Maybe it’s self-preservation, a quiet assertion of the independence I’m still clinging to, even as I feel myself falling deeper into him. Or maybe it’s fear—fear of disappointing him, of breaking the fragile balance we’ve found.

Nathaniel is still beaming at me, and I feel a fresh wave of guilt. Here he is, framing this as a dream for both of us—a way to merge our futures. And yet I’m holding onto a piece of myself I’m not ready to give him.

I rest my head on his shoulder, letting the familiar steadiness of him ease the knot in my chest.

“Thank you,” I repeat, my voice quieter this time. “For believing in me.”

“Always,” he replies without hesitation, his arm tightening around me. “You deserve this, Olivia. You deserve everything.”

His words, so full of conviction, settle over me like a blanket, and for a moment, I let myself imagine it—Castor & Wyatt in Manhattan, with Nathaniel at my side. A life where I don’t have to choose, where everything fits perfectly together.

But deep down, I know it isn’t that simple. There’s still a small, stubborn part of me that needs to prove I can stand on my own.That I can carve out a path for myself, even if it means stepping away from the safety of what Nathaniel offers.

For now, though, I choose to let myself stay in this moment—in his arms, in his belief, in the promise of everything he wants for us.

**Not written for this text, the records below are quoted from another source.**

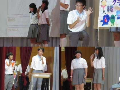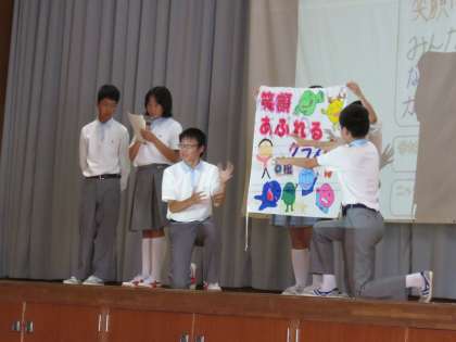 1年生と8組の発表です。どのクラスも大きな声でしっかりアピールできました。
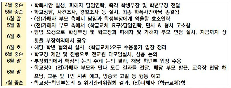 사안을 인지하고 논의하는 단위가 담임에서 학년 부장과 학생부장, 그리고 학교장과 부장 회의, 마지막엔 교원 다모임까지 동원되고 있으며, 민감하고 껄끄러운 학부모와의 각종 상담(잦은 전화, 대면 상담, 피해자-가해자 학부모 대면 등)은 학생부장과 학교장이 거의 도맡아 진행해주면서 담임교사의 부담을 많이 덜어주었다는 점이 중요했다고 생각합니다.
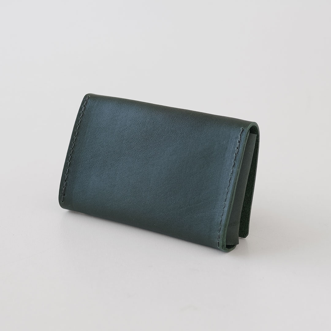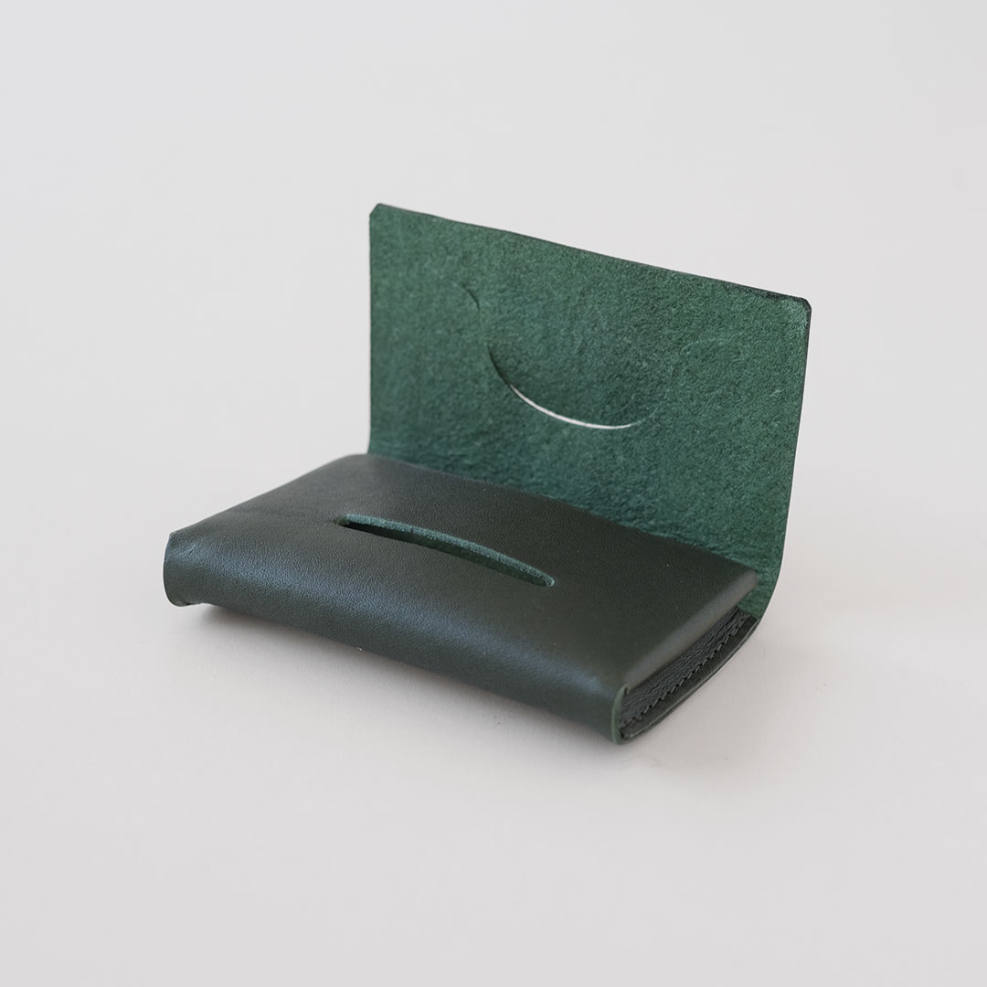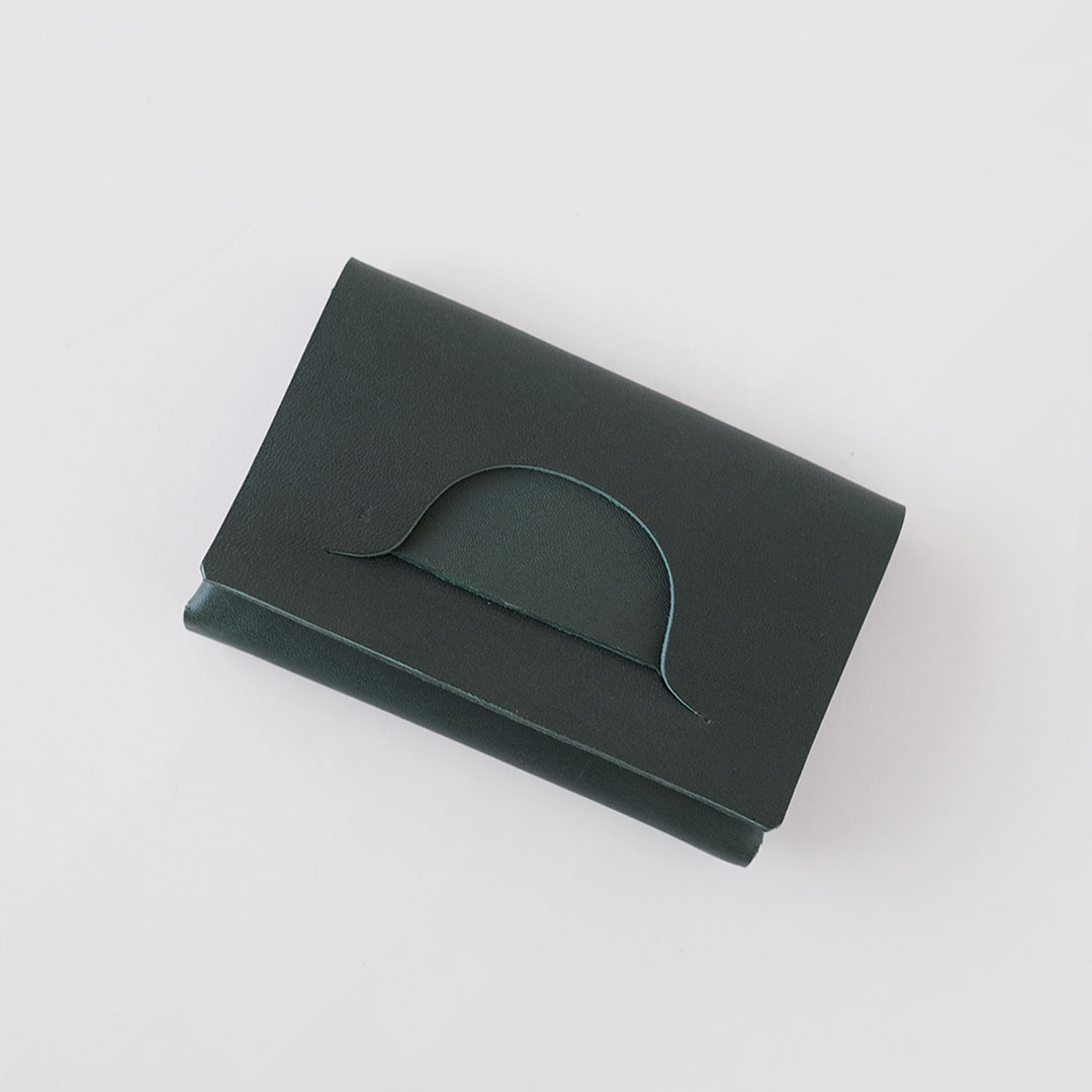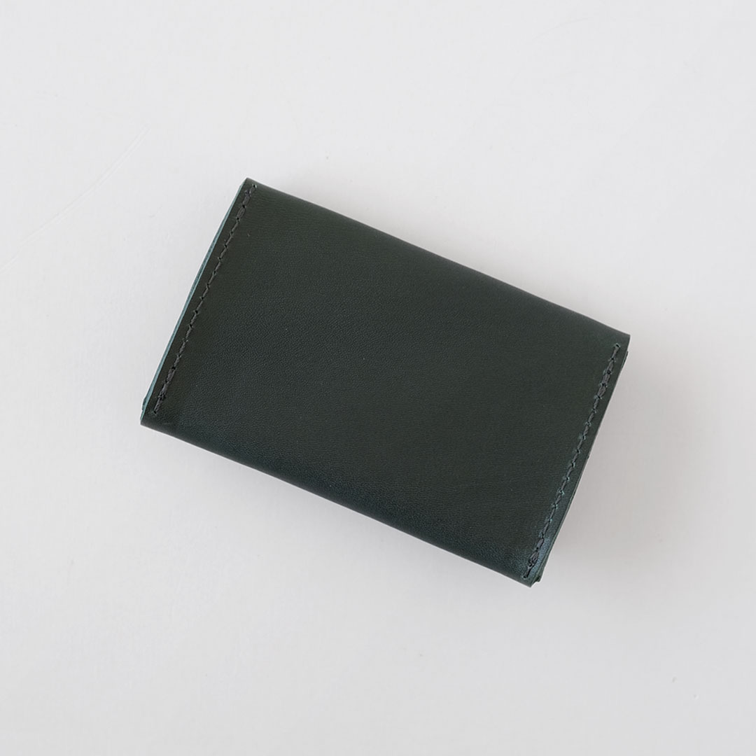 This business card holder is made from a single piece of leather, crafted in a three-dimensional yet simple manner.

The future can wait just a little longer.

Space Cowboy isalive with post-finals energy—clinking glasses, low golden light, and the pulse of music vibrating through the floorboards. Laughter ripples through our group as Carolyn recounts one of her exam blunders, grinning as she lifts her drink in a mock toast to academic mediocrity while Sophie pretends to be scandalized.

I smile, leaning into Nathaniel’s side. His arm drapes casually around the back of my chair, his fingers occasionally brushing against my shoulder in a way that sends pleasant shivers down my spine. I feel light tonight. After the whirlwind of finals and the emotional intensity of the past few weeks, it’s refreshing to just…exist in the moment.

Carolyn had insisted that Nathaniel join us. “We want to get to know the man who’s been keeping you so busy,” Carolyn had teased earlier, winking. Nathaniel agreed with a relaxed smile and that infuriating ease of his, unfazed at the prospect of being further scrutinized by my friends.

Landon’s presence, however, shadows the evening. He stands at the far end of the bar, talking to a couple of our mutual friends, but his gaze keeps straying to me—furtive, cautious—like he’s assessing how far he can push before incurring Nathaniel’s wrath.

My stomach knots at the sight. He’s been keeping his distance since that night, and I’ve let him. Whatever we were before, I’m not sure we are anymore.

Beside me, Nathaniel’s fingers tighten around mine possessively. I glance at him and catch the way his eyes narrow, how his knuckles flex like he’s already imagined dragging Landon out by the throat. His control isn’t calm. It’s coiled.

And yet, with Nathaniel by my side, I don’t feel the gnawing anxiety I might have otherwise. His presence is settling.

“Dance with me,” Nathaniel murmurs, his lips brushing my ear.

I glance at him, my heart skipping at the tenderness in his expression. “You didn’t strike me as much of a dancer,” I tease.

“For you, I’ll learn.”

He pulls me up before I can argue, guiding me onto the dance floor. The music shifts—slow, sultry, full of heat. His hand finds my waist, drawing me closer until there’s barely a sliver of space between us.